I'm interested in the definition of Fourier transform of a function $ f \in L^p(\mathbb{R}^d) $, where $ p \in [1, \infty] $ and $ d \in \mathbb{N} $ is the dimension.
The way I understand is that one treats $ f $ as a tempered distribution $ \Lambda_f $, where $$ \Lambda_f h = \int_{\mathbb{R}^d} f(x) h(x) \, \mathrm{d} x \, . $$ The Fourier transform on the tempered distributions space $ \mathcal{S}'(\mathbb{R}) $ is then given by $ (\mathcal{F} \Lambda)(h) = \Lambda (\mathcal{F} h) $. This allows us to calculate the Fourier transform of e.g. Dirac distribution, since $$ (\mathcal{F} \delta)(h) = \delta(\mathcal{F} h) = (\mathcal{F} h)(0) = \int_{\mathbb{R}^d} h(\xi) \exp(- 2 \pi i \langle 0, \xi\rangle) \, \mathrm{d} \xi = \int_{\mathbb{R}^d} h(\xi) \, \mathrm{d} \xi \, , $$ so in fact $ \mathcal{F} \delta = 1 $ (the constant function). However, let's suppose that I want to calculate the Fourier transform of the function $ f \equiv 1 $ which from what I understand is again the Dirac delta distribution. As far as I know, $ \mathcal{F} f = \mathcal{F} \Lambda_f $ (is this wrong?), but I cannot show that this in fact yields $ \mathcal{F} f = \delta $.
The question I suppose is where is my reasoning faulty and how to find the Fourier transform of $ f \equiv 1 $.
You’re correct that the Fourier transform of an $L^p$ function is the Fourier transform of the tempered distribution induced by that function.

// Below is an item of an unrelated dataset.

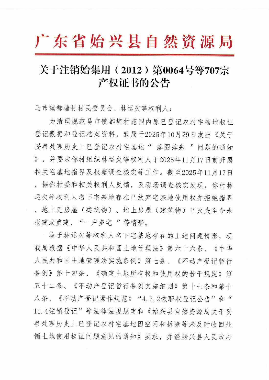 关于注销始集用(2012)第0064号等707宗产权证书的公告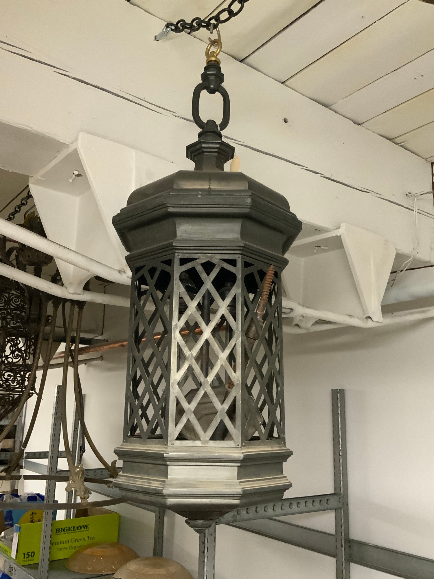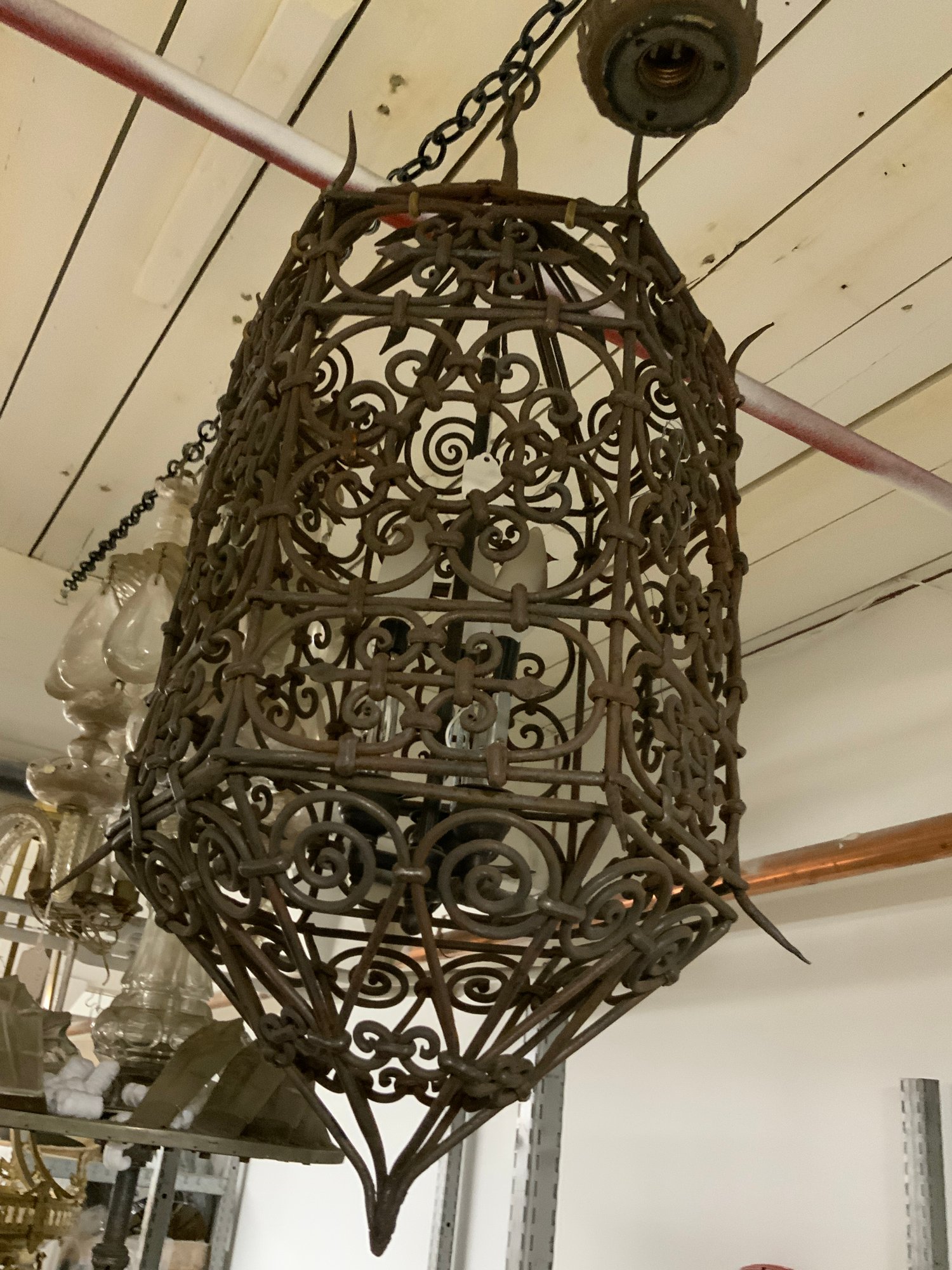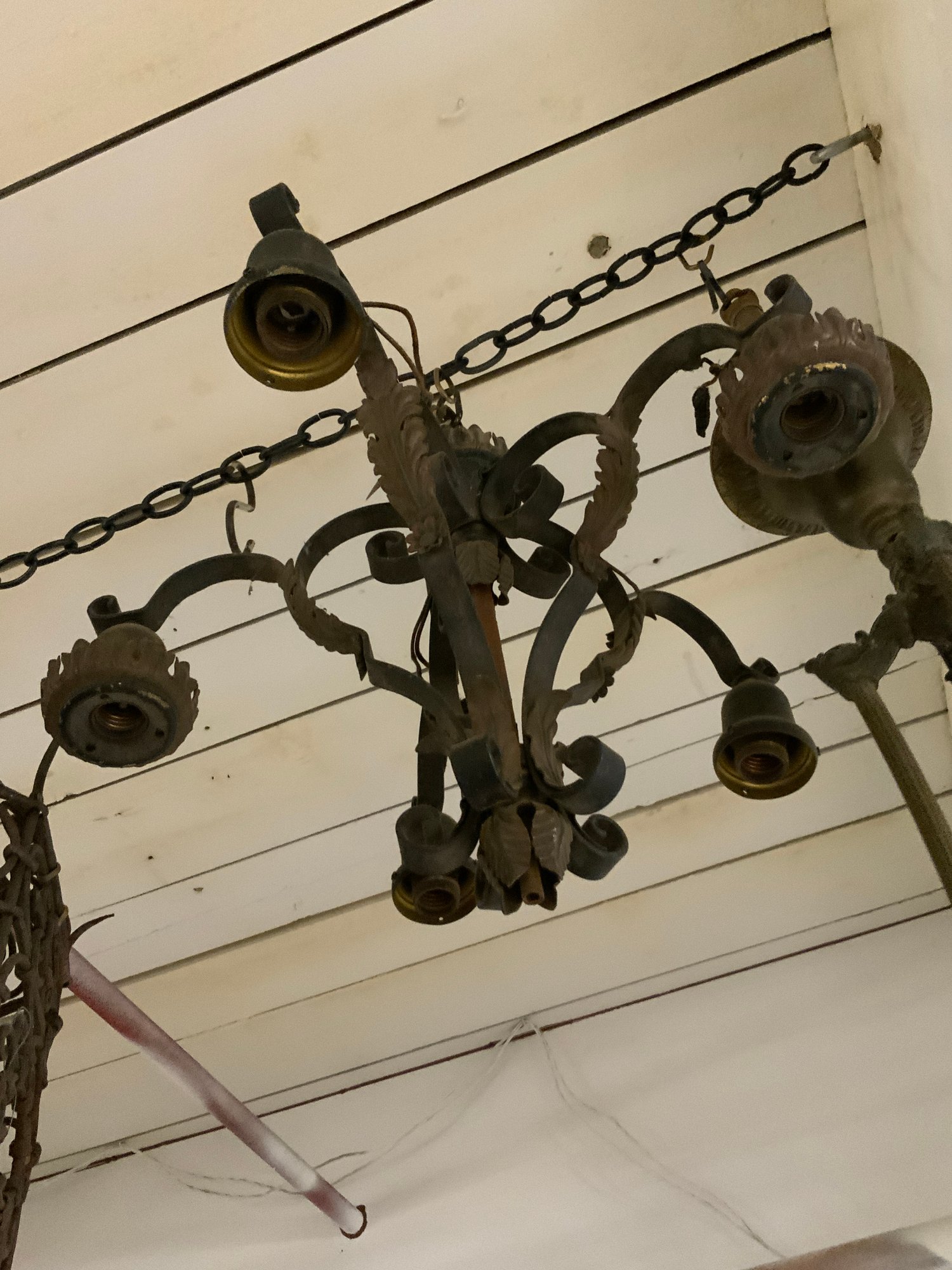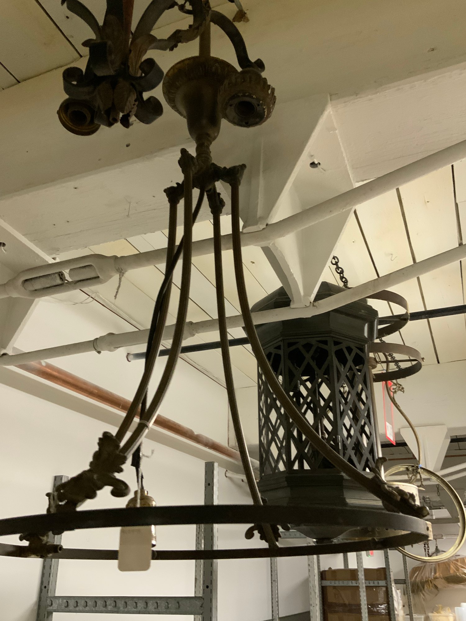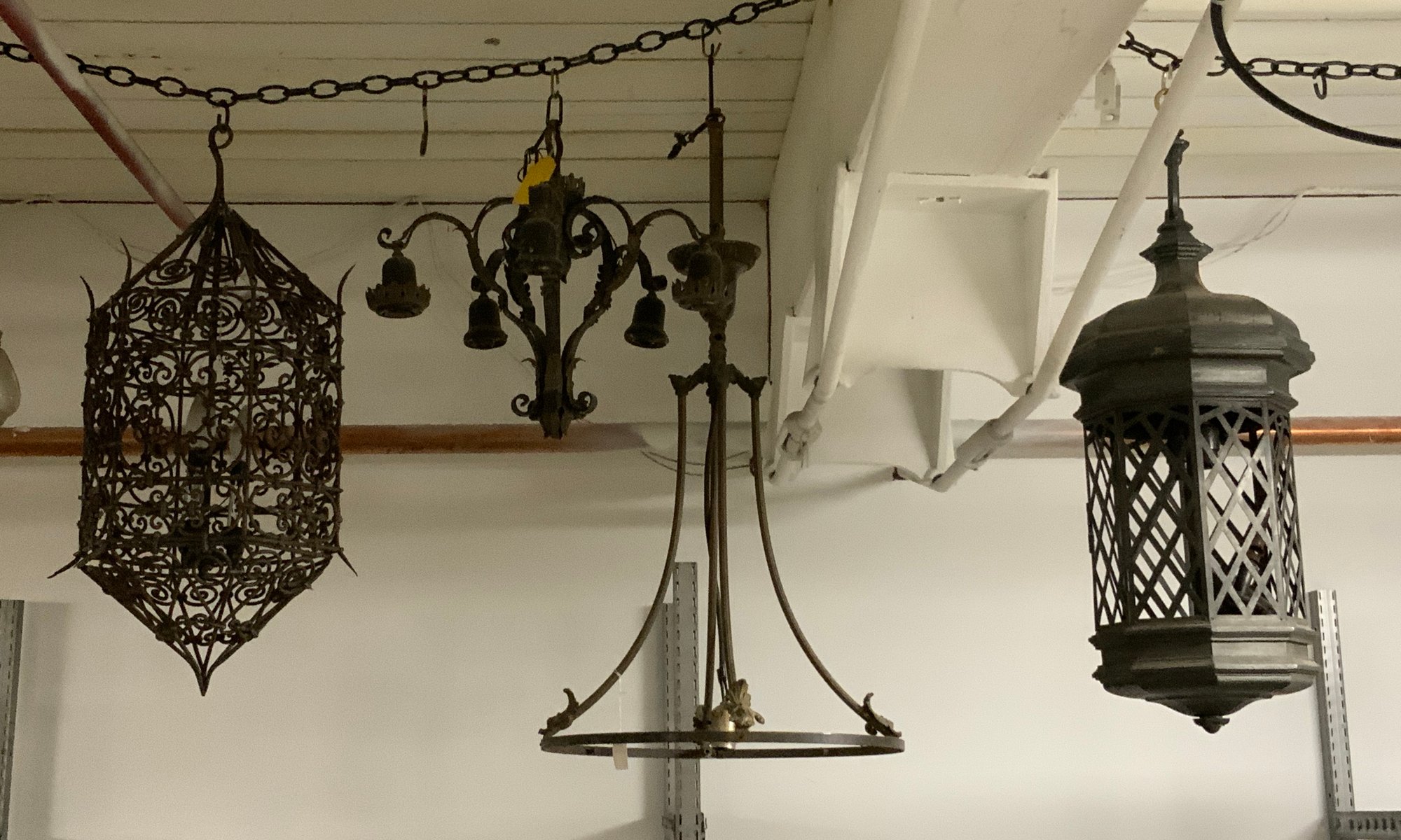 4 Antique And Vintage Metal Chandeliers Lanterns And Lamps. Being sold as found and as-is with various missing pieces and parts, not wired, etc. Largest is approx. 30” tall x 18" diameter.

The function $f=1$ induces the functional $\Lambda(h) = \int h(x)dx$, i.e. the integration functional, acting on Schwarz functions. By definition, the Fourier transform of $\Lambda$ is precisely the functional $\mathcal{F}\Lambda$ which acts on Schwarz functions via $\mathcal{F}\Lambda(h) = \Lambda(\mathcal{F}h)$. But $\Lambda(\mathcal{F}h) $ is the integral of $\mathcal{F}h$, which is in fact $(\mathcal{F}\mathcal{F} h)(0)$. However, applying the Fourier transform twice is just reflection $h(x)\mapsto h(-x)$ (possibly with some constants depending on your definition) but since we’re evaluating at zero, this yields $h(0)$.